Practicing the process twice, he watched as Ritsuko nodded encouragingly. Just as he was about to thank her for helping him, he heard Misato call for the Eva to launch and was forced to put the short practice session into actual use. A lot of things can happen in five seconds. An average of five planes take off around the world. The universe expands forty-six miles. One hundred and fifty stars explode. A bee could flap its wings one thousand three hundred and fifty times. For Shinji, those five seconds between the start and conclusion of his journey skyward had to have contained far greater numbers of all of the above. He watched Ritsuko turn and stare menacingly at Misato. He saw lights cruise past him so fast that the after-shadow seemed to blur together into one continuous bar. He felt himself using his new knowledge of breathing to keep his vision from narrowing any further. If you had asked him, he quite obviously spent more than five minutes riding the launch system. At the end, whether five seconds or five minutes, there was a brief blessed relief as the normal pressures of gravity reasserted themselves upon him.

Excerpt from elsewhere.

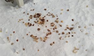 «Плесневелые сухари и остатки торта»: в мончегорском сквере раскидали вредные для птиц и зверей «угощения»
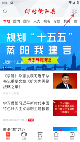 1、在你好衡阳县首页,点击右上角的个人图标,进入个人中心页面。

That relief was somewhat short-lived as both he and the Angel caught sight of one another simultaneously.
+++++ Author's Notes.
First, you may have noticed the addition on my story summaries. There are already a standard fuckton of book series that call themselves some form of "The" "Wanderer" "Saga", and ultimately I didn't want to start putting things into a wiki without something to call the overarching story but I couldn't call it something that had already been used by seventeen buttjillion other authors. So, yes, the series is now titled "Pax Ikari".
Second, you may have noticed that I haven't posted anything for...like...two-ish months? Funny story about that. I have written the rough treatment of no less than six different versions of a story that I felt would be "WAFF" in theme. Each time, I found myself not writing something that really made me feel all comfy inside. I like horror, I like slice of life drama, I like subverting expectations. I have actually had to really freaking work to find "WAFF" somewhere in my body of experience. Then, as it tends to, inspiration poured baby powder in its hand and slapped the stupid out of me. I am, as of this posting, once more working on fixing errors in my writing which is forcing this to take longer than some might like. I want to always improve upon what I've given you before. I do not want to settle and just cruise on a good initial showing.
Third, but certainly not last, I want to deeply thank each and every person who has written reviews of this shitshow as it's grown. Long, short, profound, or just a tip of the hat, each and every review has helped me feel as if I'm doing more than just engaging in self-congratulatory drivel. I'm helping people see further, learn things they might not have been exposed to, and appreciate the little things in life that get us through one more day. So thank you, all of you, for sticking with me.